(Beginning of Exercise data)

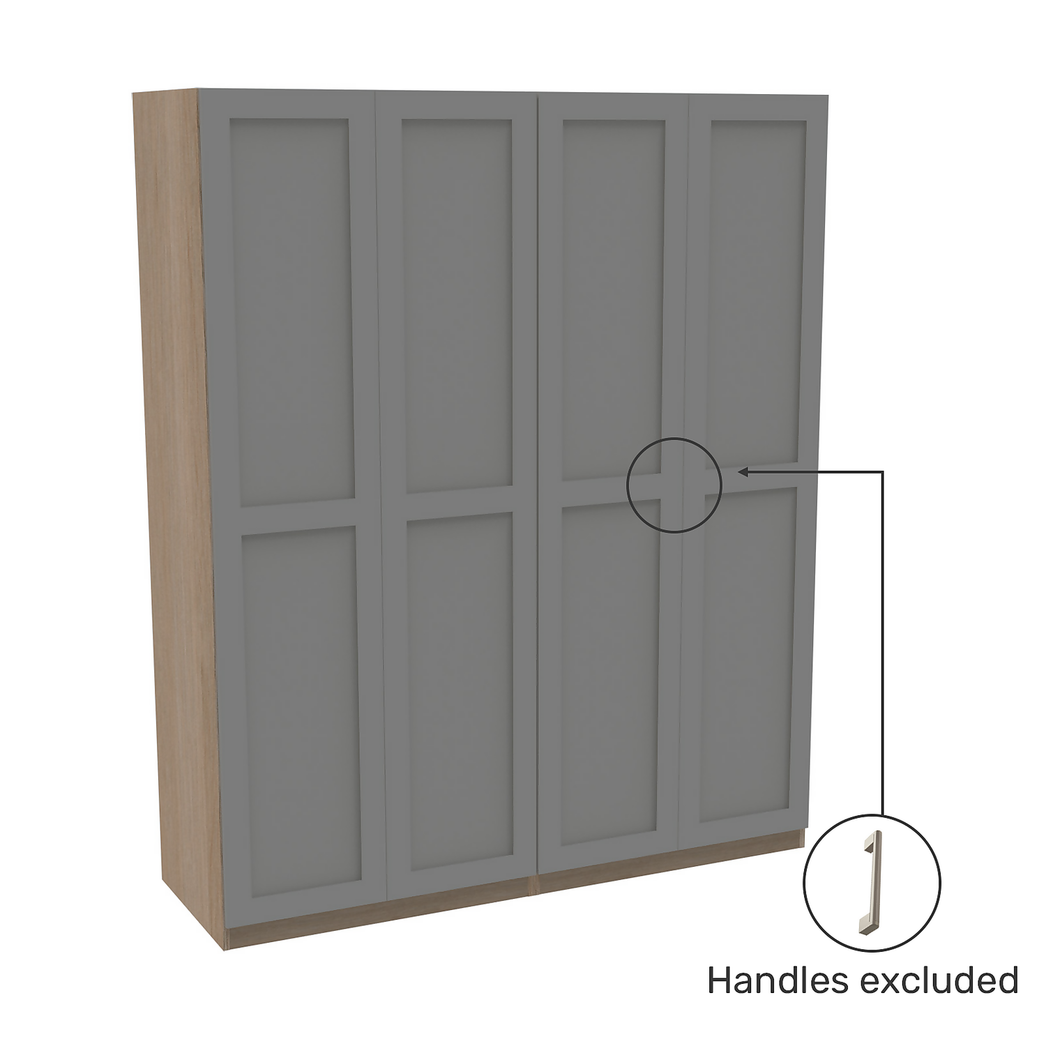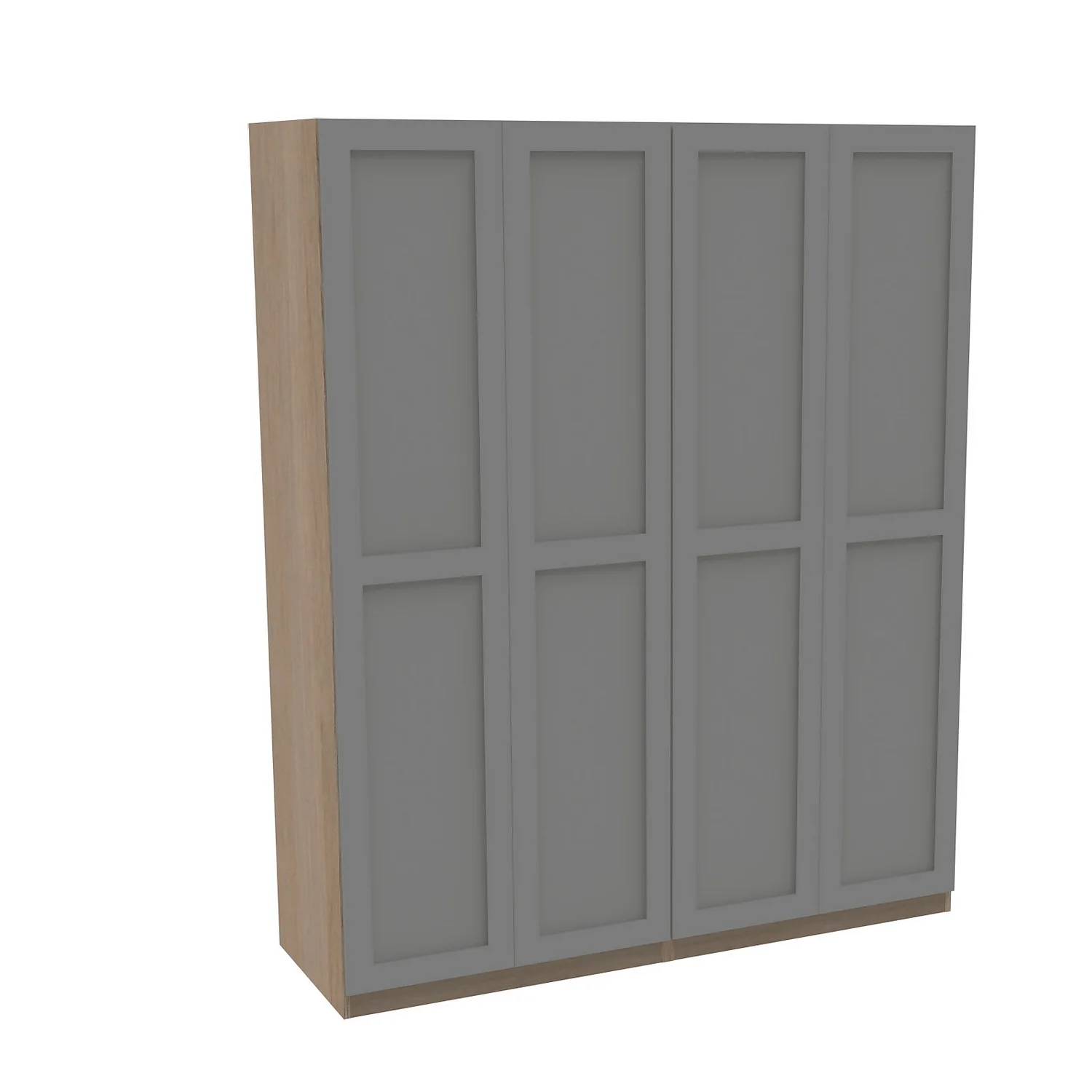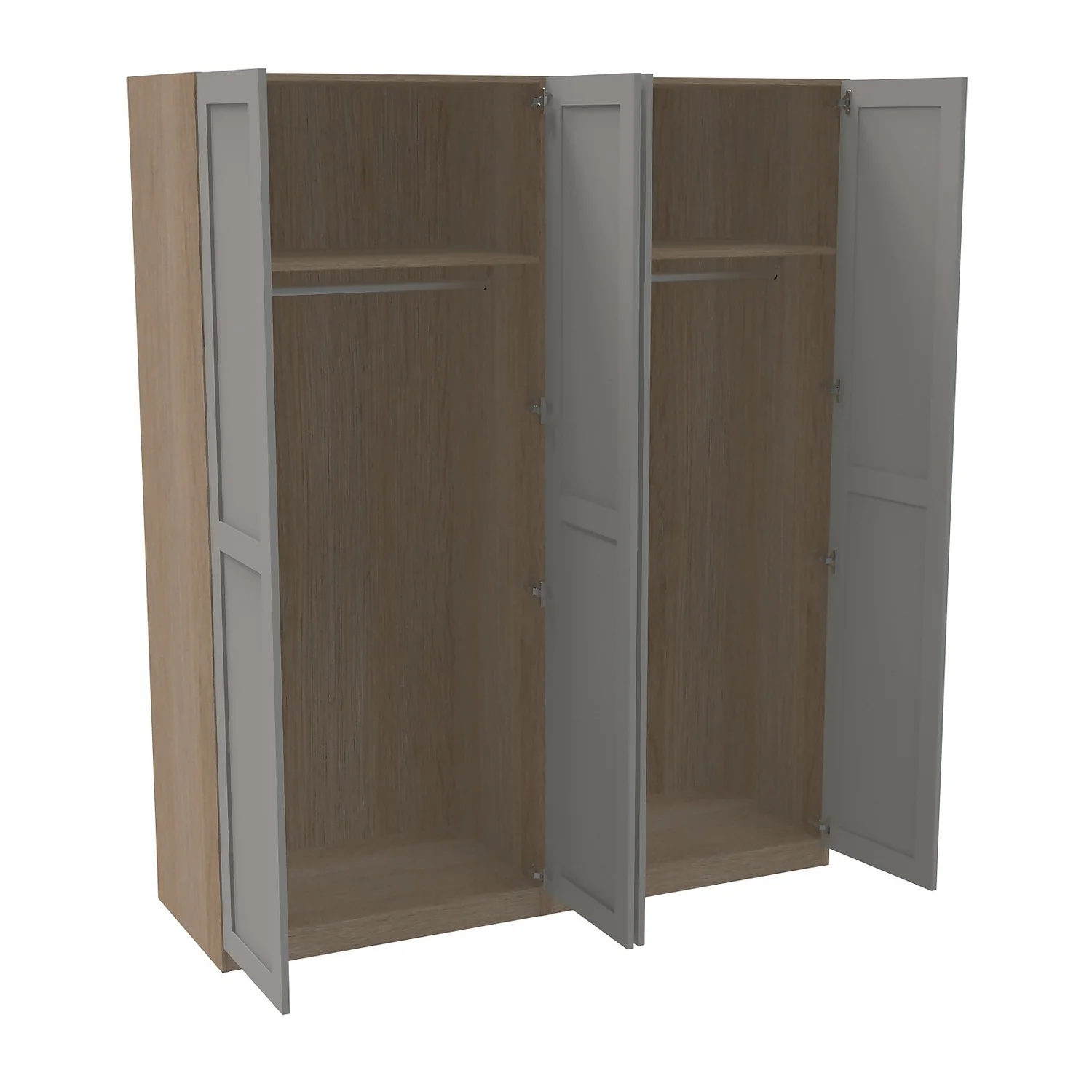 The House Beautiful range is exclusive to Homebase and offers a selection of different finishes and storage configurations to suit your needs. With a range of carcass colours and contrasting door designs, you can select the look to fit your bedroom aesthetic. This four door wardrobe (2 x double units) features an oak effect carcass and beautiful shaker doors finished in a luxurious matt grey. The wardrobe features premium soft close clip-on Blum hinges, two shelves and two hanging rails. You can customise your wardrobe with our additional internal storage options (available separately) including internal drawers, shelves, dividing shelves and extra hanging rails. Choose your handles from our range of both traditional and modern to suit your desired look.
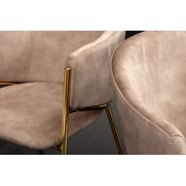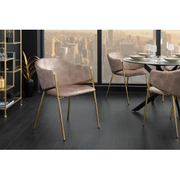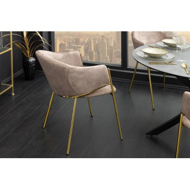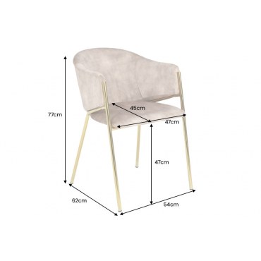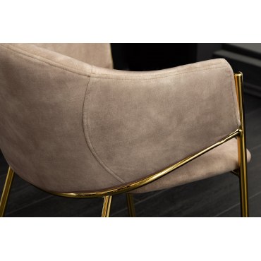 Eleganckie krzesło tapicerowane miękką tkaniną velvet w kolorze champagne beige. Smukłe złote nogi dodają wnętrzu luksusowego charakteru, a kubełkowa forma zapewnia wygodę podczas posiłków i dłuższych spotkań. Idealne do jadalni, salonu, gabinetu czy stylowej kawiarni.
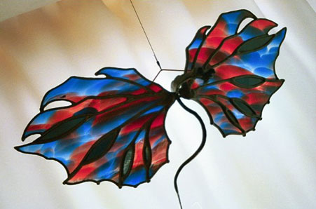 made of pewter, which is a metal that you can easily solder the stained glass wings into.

(End of Exercise data)
(Beginning of Exercise data)

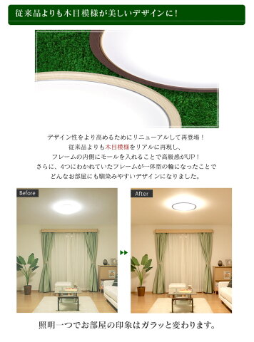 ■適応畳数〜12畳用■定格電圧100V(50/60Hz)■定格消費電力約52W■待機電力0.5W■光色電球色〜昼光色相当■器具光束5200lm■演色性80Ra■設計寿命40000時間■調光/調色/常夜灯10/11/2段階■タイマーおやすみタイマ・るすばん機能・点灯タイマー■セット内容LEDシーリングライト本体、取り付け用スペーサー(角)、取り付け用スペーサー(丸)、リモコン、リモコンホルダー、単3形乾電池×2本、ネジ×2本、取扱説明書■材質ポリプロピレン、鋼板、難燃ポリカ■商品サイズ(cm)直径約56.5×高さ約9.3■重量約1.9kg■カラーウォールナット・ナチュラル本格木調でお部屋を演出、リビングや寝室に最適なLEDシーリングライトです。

(End of Exercise data)
(Beginning of Exercise data)

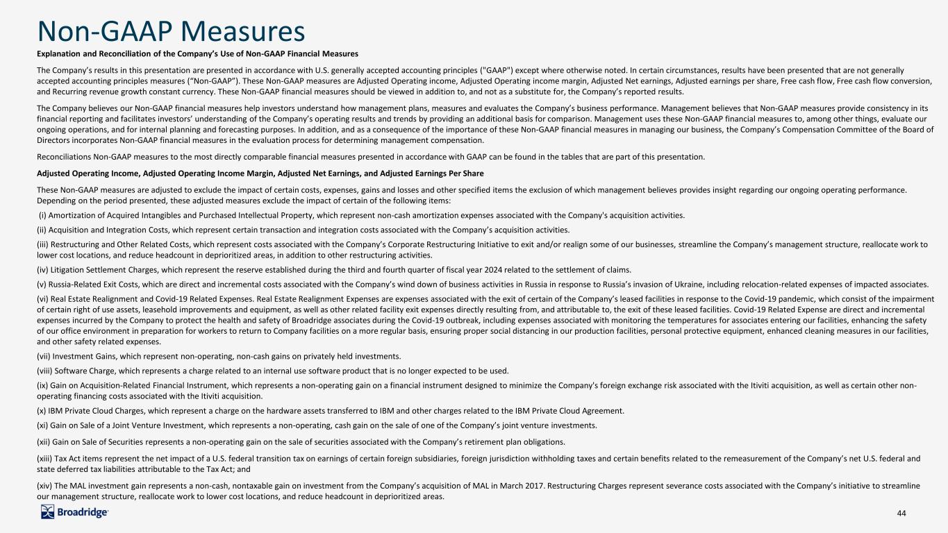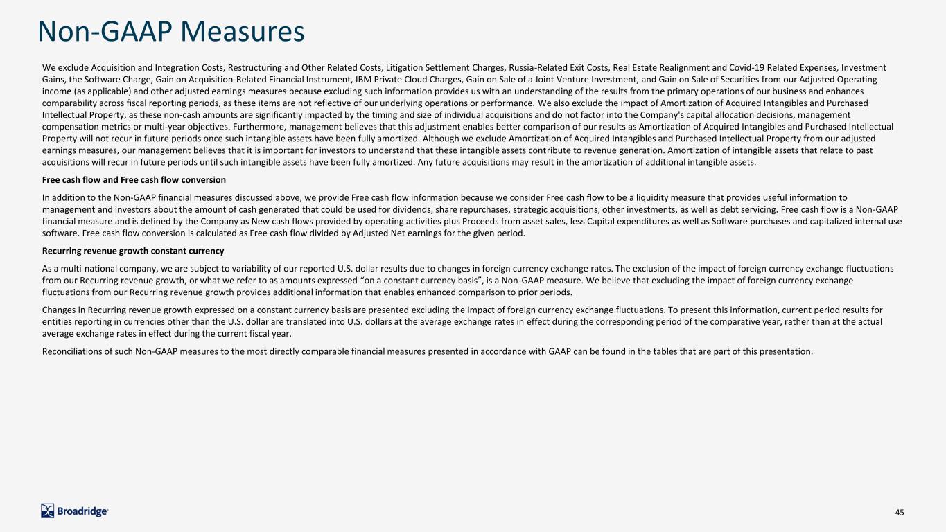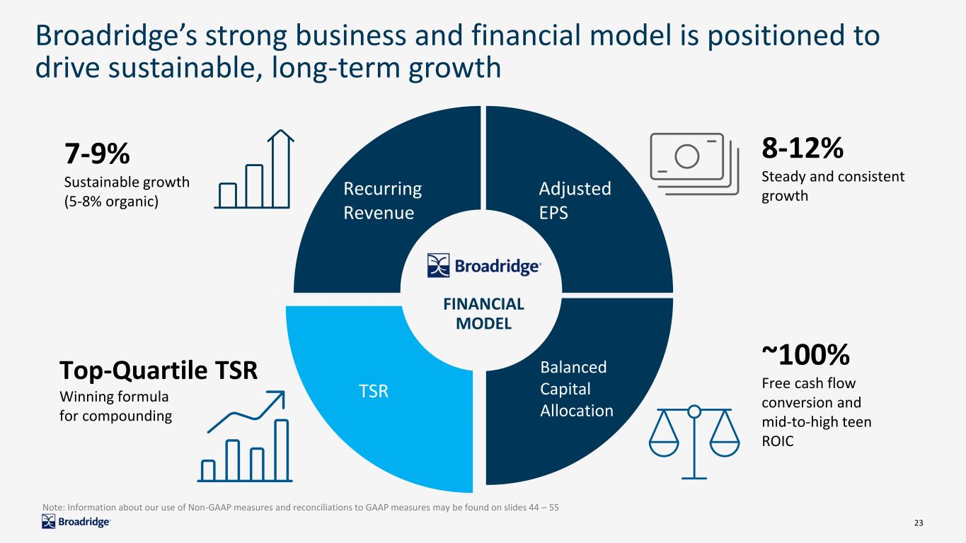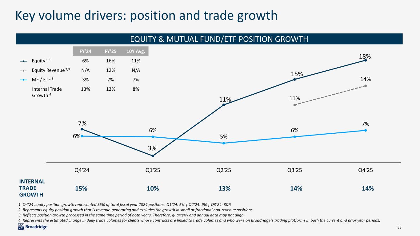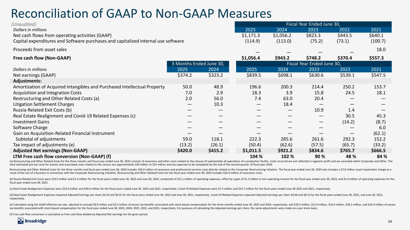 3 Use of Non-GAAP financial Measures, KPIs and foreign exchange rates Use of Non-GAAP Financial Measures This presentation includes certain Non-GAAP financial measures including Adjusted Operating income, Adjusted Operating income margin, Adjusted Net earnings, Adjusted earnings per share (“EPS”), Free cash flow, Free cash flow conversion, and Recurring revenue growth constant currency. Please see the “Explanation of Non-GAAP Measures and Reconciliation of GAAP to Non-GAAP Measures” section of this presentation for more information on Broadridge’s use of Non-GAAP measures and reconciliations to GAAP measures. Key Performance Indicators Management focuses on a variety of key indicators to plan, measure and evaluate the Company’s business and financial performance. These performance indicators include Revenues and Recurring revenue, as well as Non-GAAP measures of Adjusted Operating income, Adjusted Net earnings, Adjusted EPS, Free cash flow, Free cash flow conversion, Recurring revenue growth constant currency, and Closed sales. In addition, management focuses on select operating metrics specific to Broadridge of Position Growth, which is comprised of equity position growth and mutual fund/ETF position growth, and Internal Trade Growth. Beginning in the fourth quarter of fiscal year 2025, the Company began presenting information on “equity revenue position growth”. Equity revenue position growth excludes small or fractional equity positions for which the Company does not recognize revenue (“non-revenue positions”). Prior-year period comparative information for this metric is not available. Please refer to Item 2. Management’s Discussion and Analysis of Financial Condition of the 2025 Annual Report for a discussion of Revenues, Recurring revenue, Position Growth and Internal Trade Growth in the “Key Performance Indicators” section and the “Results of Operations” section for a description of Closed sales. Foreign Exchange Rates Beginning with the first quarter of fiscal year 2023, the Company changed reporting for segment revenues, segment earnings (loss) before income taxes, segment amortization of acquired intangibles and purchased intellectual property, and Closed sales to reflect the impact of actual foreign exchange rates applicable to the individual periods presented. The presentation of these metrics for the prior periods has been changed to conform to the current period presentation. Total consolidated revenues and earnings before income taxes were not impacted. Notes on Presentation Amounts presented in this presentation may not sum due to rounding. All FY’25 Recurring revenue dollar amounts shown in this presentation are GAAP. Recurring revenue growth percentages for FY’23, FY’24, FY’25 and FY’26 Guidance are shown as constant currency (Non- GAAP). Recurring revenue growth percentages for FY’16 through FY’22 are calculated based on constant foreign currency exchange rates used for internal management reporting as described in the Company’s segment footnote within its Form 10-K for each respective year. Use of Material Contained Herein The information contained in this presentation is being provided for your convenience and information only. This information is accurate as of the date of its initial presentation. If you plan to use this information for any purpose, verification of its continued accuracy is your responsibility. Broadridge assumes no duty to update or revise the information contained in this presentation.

(End of Exercise data)

### What the task requires
An exact copy is needed of the entries above, starting at the line that holds "The House Beautiful" and stopping at the line that holds "Eleganckie krzesło tapicerowane", both kept; pictures stay out.

### Solution to this problem
 The House Beautiful range is exclusive to Homebase and offers a selection of different finishes and storage configurations to suit your needs. With a range of carcass colours and contrasting door designs, you can select the look to fit your bedroom aesthetic. This four door wardrobe (2 x double units) features an oak effect carcass and beautiful shaker doors finished in a luxurious matt grey. The wardrobe features premium soft close clip-on Blum hinges, two shelves and two hanging rails. You can customise your wardrobe with our additional internal storage options (available separately) including internal drawers, shelves, dividing shelves and extra hanging rails. Choose your handles from our range of both traditional and modern to suit your desired look.
 Eleganckie krzesło tapicerowane miękką tkaniną velvet w kolorze champagne beige. Smukłe złote nogi dodają wnętrzu luksusowego charakteru, a kubełkowa forma zapewnia wygodę podczas posiłków i dłuższych spotkań. Idealne do jadalni, salonu, gabinetu czy stylowej kawiarni.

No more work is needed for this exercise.